In summary, our findings reveal that the functional connectome fingerprint appears to be established during early infancy and, more importantly, maintains stability over the span of months, despite rapid early brain development. Complementary to the reports of the individualized patterns of functional connectome in adolescents, adults, and older adults, our results highlight the existence of individualized functional connectivity patterns during infancy, thus filling a knowledge gap in neurodevelopment and completing the full picture of the functional connectome fingerprint across the whole life span after birth. The necessity of functional connection selection during our study emphasizes the specificity of the functional connectome fingerprint during infancy as well.
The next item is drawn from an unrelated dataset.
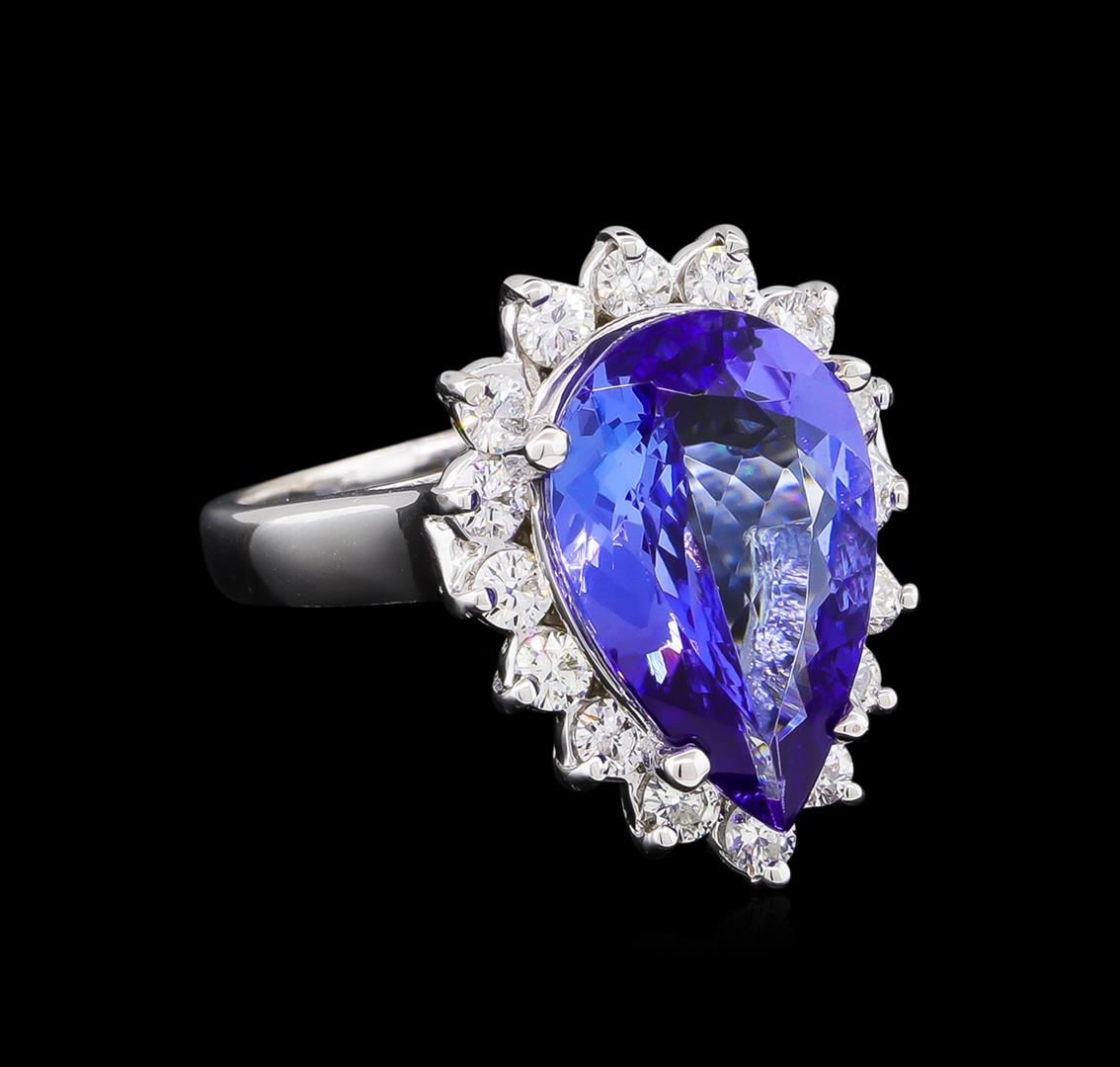 One electronically tested 14KT white gold ladies cast tanzanite and diamond ring with a bright polish finish. The featured tanzanite is set within a diamond floret supported by a ribbed under gallery, completed by a two millimeter wide band. Identified with markings of "14K". Condition is new, good workmanship. Containing: One prong set pear mixed cut natural tanzanite, measuring 15.60 x 10.00 x 5.40mm, approximate weight of 5.52ct., clarity is eye clean, type I, medium dark, very slightly grayish, bluish violet color, (GIA bV 6/3), cut is good. Transmitting light with no distortion, transparent. Colored Stone Grading Report attached. Graded in the setting. Tanzanite is a very rare gemstone that is only found in the country of Tanzania. Originally discovered in 1967. Tiffany & Company, named the stone Tanzanite. It is found in the Usumburu Mountains that border the Umba Valley of northern Tanzania. Tanzanite occurs in gray, brown, violet, blue, reddish-purple, & green. The gem is interesting because of its exceptional pleochroism. Rotated in different directions a tanzanite will exhibit multiple changes of color. Tanzanite has a low tolerance to ultrasonic cleaning, and should not be cleaned using this method. Sixteen prong set round brilliant cut diamonds approximate total weight of 16 Stones = 0.77ct. Clarity grade is an average for the group. Graded in the setting. Clarity: SI-1 to SI-2. Color: D - F. Total Weight of Colored Stones 5.52ct. Total Weight of Diamonds 0.77ct. Total Weight of Ring 7.17gm. AIG Appraised at $15,915.00.

By demonstrating the distinctness of high-order association cortices and the differential contribution of various networks in individual identification, we characterize, for the first time, the network mechanisms underlying the functional connectome fingerprint in infants. Our findings support the potential application of an individualized functional connectome in measuring individual personal traits and tracking the progression of mental disorders during early brain development.